In effetti, Trump ha iniziato a strappare gli Stati Uniti dal sistema collettivo dell'Occidente, smantellando le strutture dello Stato profondo globale e facendo a pezzi l'ecosistema a rete costruito dai liberali nel corso di decenni. All'inizio lo ha fatto in modo aperto e deciso. Elon Musk, attraverso la sua piattaforma X, ha assunto il ruolo di anti-Soros e ha sostenuto attivamente le forze populiste di destra in Europa e in Africa, opponendosi direttamente ai globalisti. Gli antiglobalisti hanno ricevuto anche il sostegno dell'ideologo di Trump Steve Bannon e del vicepresidente JD Vance.

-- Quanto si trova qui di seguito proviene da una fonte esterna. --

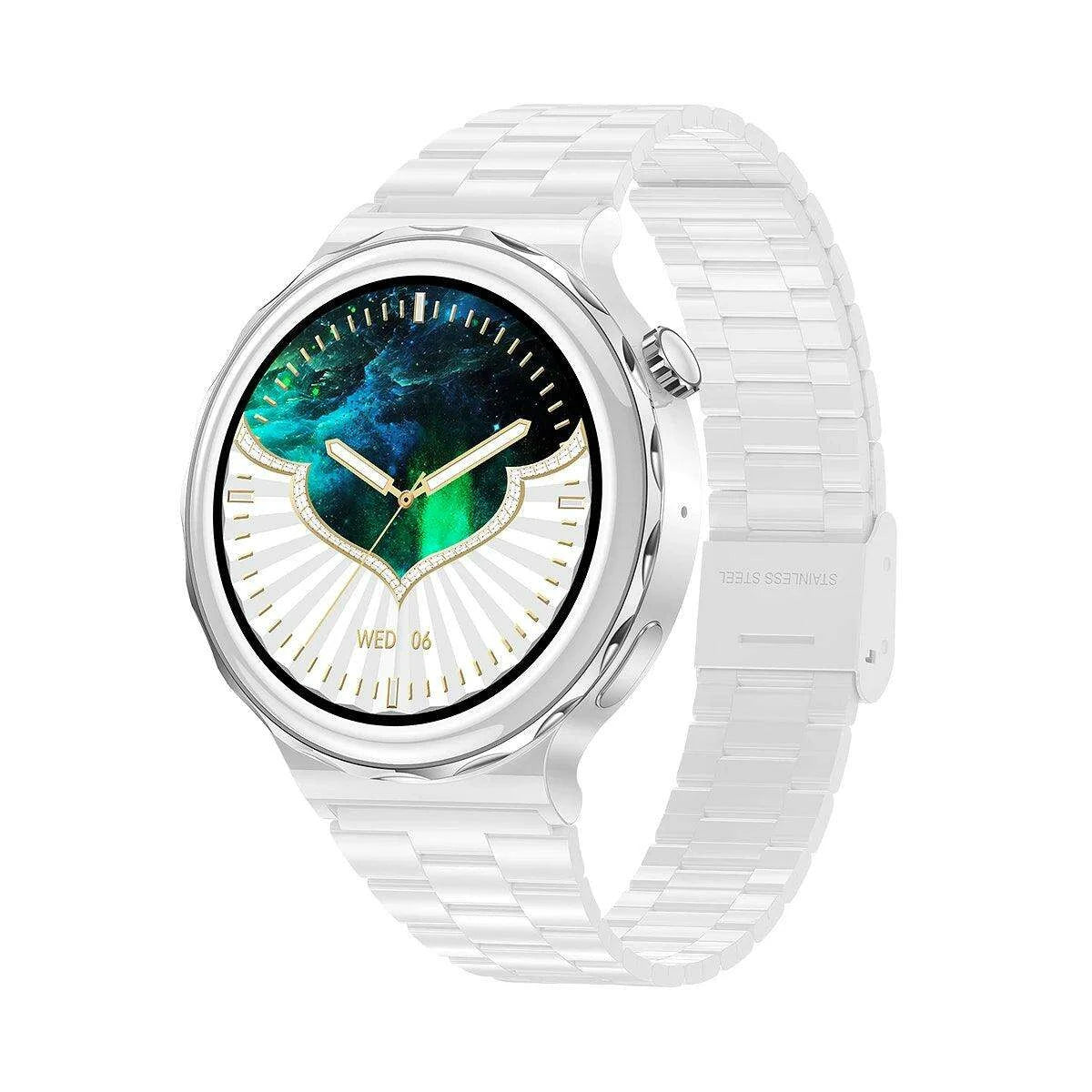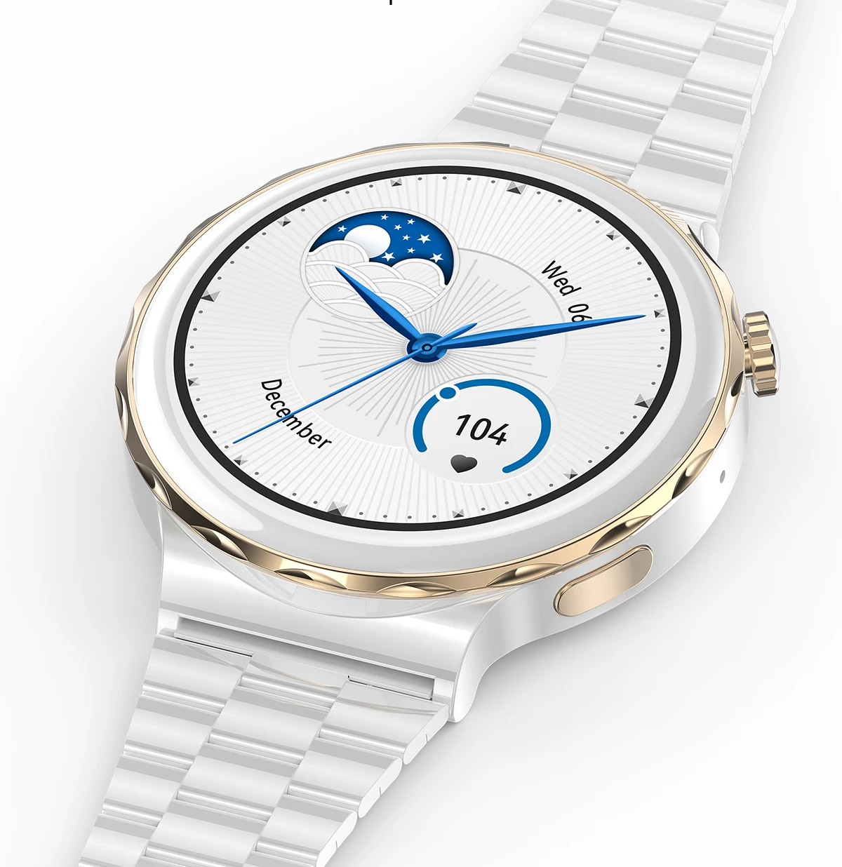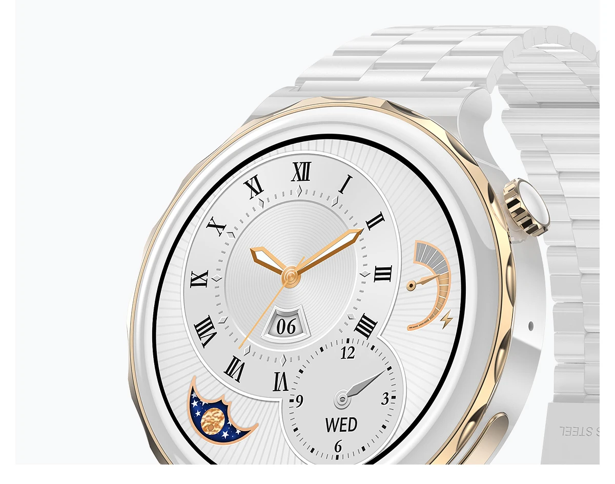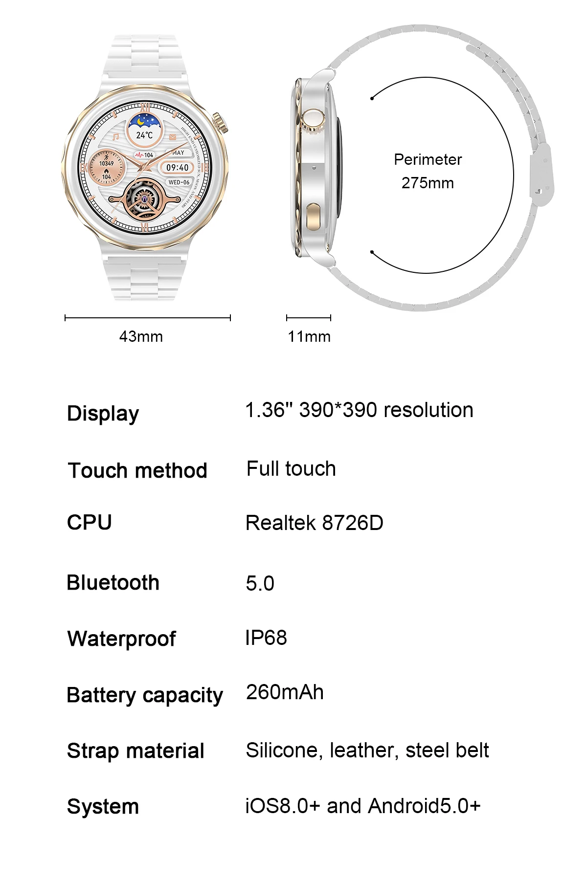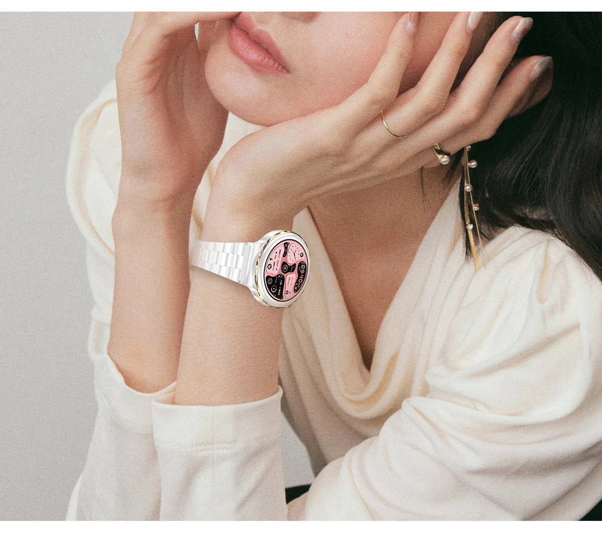 L'ensemble du corps de la montre est fabriqué en métal blanc, avec le miroir en verre saphir de l'écran, l'apparence et la sensation sont brillantes et transparentes. L'intégration de la technologie moderne dans l'artisanat classique est un design à la mode qui révèle un rythme plus profond, créant un nouveau poignet unique. accessoire.

Di conseguenza, la geopolitica di Trump è completamente diversa da quella dei globalisti. Egli rifiuta l'internazionalismo liberale, richiede un approccio realista alle relazioni internazionali e proclama come obiettivo supremo la sovranità nazionale degli Stati Uniti come grande potenza. Rifiuta di accettare qualsiasi argomento che favorisca il liberalismo globale a scapito degli interessi americani. Inasprisce all'estremo la politica dell'immigrazione, si sforza di riportare negli Stati Uniti le attività manifatturiere essenziali, mira a risanare il sistema finanziario e concentra gli interessi strategici vicino a casa - in particolare il Canada, la Groenlandia e la sicurezza lungo il confine meridionale con il Messico.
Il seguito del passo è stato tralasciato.